In the upcoming legislative session, which opens Jan. 7, many of the ideas that generated packed hearing rooms, hours of tearful testimony and, ultimately, a divided Republican caucus are coming back.

"We're hopeful the Legislature will extend additional school-choice options through independent charters and private schools," says former Republican Assembly Speaker Scott Jensen, now a lobbyist for the American Federation for Children.




Politico: Democrats to Obama: Keep Constitution on the table in debt ceiling fight

The White House insists President Barack Obama can’t — and won’t — use the 14th Amendment to raise the debt ceiling.

But a growing number of his congressional allies are urging Obama not to abandon a potentially powerful weapon before negotiations even begin.

With Republicans promising another climactic fight over the $16.4 trillion debt limit in two months, House Minority Leader Nancy Pelosi said Friday that if she were president, she would invoke the Constitution to raise the ceiling on her own — with or without permission from the GOP.

“I would do it, in a second, but I’m not the president of the United States,” Pelosi said.



Washington Post: The White House calls Utah’s Obamacare bluff

For months now, Utah has put the White House in a sticky spot on Obamacare.

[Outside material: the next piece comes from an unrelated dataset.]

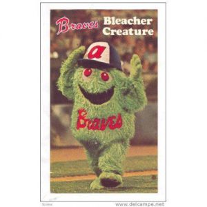 Bleacher Creatures unite! Dating myself here by reminding all that the original Bleacher Creature was one of the Braves’ old mascots. Kind of an odd green yeti looking character.

Unlike most Republican-governed states, Utah has been eager to run a health insurance exchange.  In fact, it already has one: When the Affordable Care Act passed in 2010, Utah was one of two states running a marketplace where consumers could compare and purchase coverage (Massachusetts was the other).

Unlike most Democratic-governed states, though, Utah did not want to set up the kind of exchange that that the health-care law envisioned. The state has favored a bare-bones approach: It only sells to small businesses and covers 7,646 Utah residents. Where some states are hiring dozens of staff, the Utah exchange, known as Avenue H, usually has two or three employees. It does not interface with the state’s Medicaid program like the federal law envisions, nor does it provide expansive consumer assistance services.

Utah initially told the Obama administration that this is how the Utah exchange works now, and will work in the future.



USA Today: Low 2012 gas prices will evaporate this year

Gasoline prices, which hit a 2012 low of $3.22 a gallon Dec. 19, are up 8 cents in the past two weeks and will likely continue climbing through April.

Gasoline prices remain below $3 a gallon in at least 50% or more outlets in 14 states. But the national average has crept up three cents to $3.30 a gallon the past week and 8 cents since hitting a 2012 low of $3.22 in mid-December.

It's likely to get worse in the coming weeks. Crude oil prices are up about $10 a gallon the past month, with benchmark West Texas Intermediate crude closing at $93.09 a barrel Friday, finishing the week up 2.5%.



New York Times: Tax Code May Be the Most Progressive Since 1979

With 2013 bringing tax increases on the incomes of a small sliver of the richest Americans, the country’s top earners now face a heavier tax burden than at any time since Jimmy Carter was president.

The last-minute deal struck by the departing 112th Congress raised taxes on a handful of the highest-earning Americans, with about 99.3 percent of households experiencing no change in their income taxes. But the Tax Policy Center estimates that the average family in the top 1 percent will pay a federal tax rate of more than 36 percent this year, up from 28 percent in 2008. That is the highest rate since 1979, at least.